In citing the effect of the bureau's “very substantial enforcement and supervisory actions in uncovering and detecting wrongdoing,” the Chamber said, “Of course, not all government enforcement actions are brought against covered persons who actually engaged in wrongdoing.” And while recognizing the ability of the bureau to ferret out corporate misdeeds, the Chamber added, “if anything, there are questions about whether the agency has gone too far.”
Indeed, the Chamber recently filed a legal brief siding with The J.G. Wentworth Co. in a court case challenging the CFPB's authority over the purchase of structured settlements and annuities.
Another instance of CFPB overreach, the Chamber and the bankers said, is the proposed arbitration rule itself.
The arbitration clauses are inserted into contracts by credit-card issuers and many other companies to bar consumers from filing class-action lawsuits, requiring instead that disputes be resolved in private arbitration.

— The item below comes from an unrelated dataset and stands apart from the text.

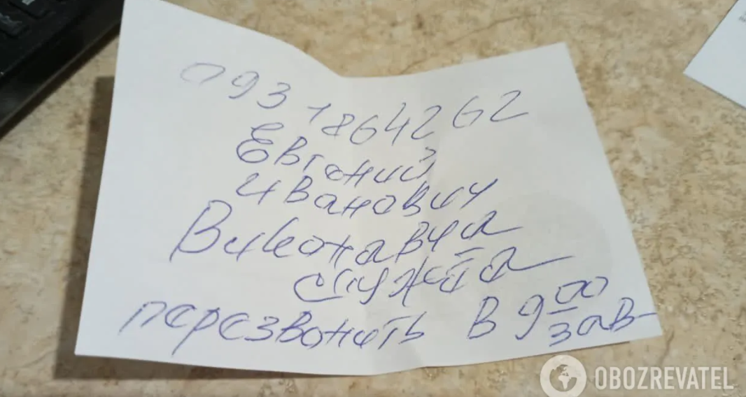 На невеликому клаптику паперу було вказано номер телефону, ім’я та по батькові власника номера і прохання «передзвонити завтра о 9:00».

Dodd-Frank directed the CFPB to study the controversial provisions and said the bureau could prohibit them if it found a ban would be in the public interest and would protect consumers, provided the regulation is “consistent with the study.”
The Chamber and the bankers argue at length in their comment letters that the proposal fails to meet any of those requirements.
The CFPB received nearly 13,000 comments on the proposed rule by the Aug. 22 deadline.
Alan Kaplinsky, who helped write the bankers' letter and heads the Consumer Financial Services Group at Ballard Spahr LLP, told Bloomberg BNA that he does not think the CFPB will digest the comments and issue a final rule until early or mid-2017.
He's not optimistic the bankers' comments and others like it will have much effect, he said.
“I think the bureau has been on a mission to rein in the use of arbitration and particularly the use of class-action waivers, and I don't think they're going to let anything get in the way of that,” he said.
Kaplinsky played a central role in promoting the use of the arbitration clauses, going back to the late 1990s. He predicted that once the final rule is issued, it will be challenged in federal court.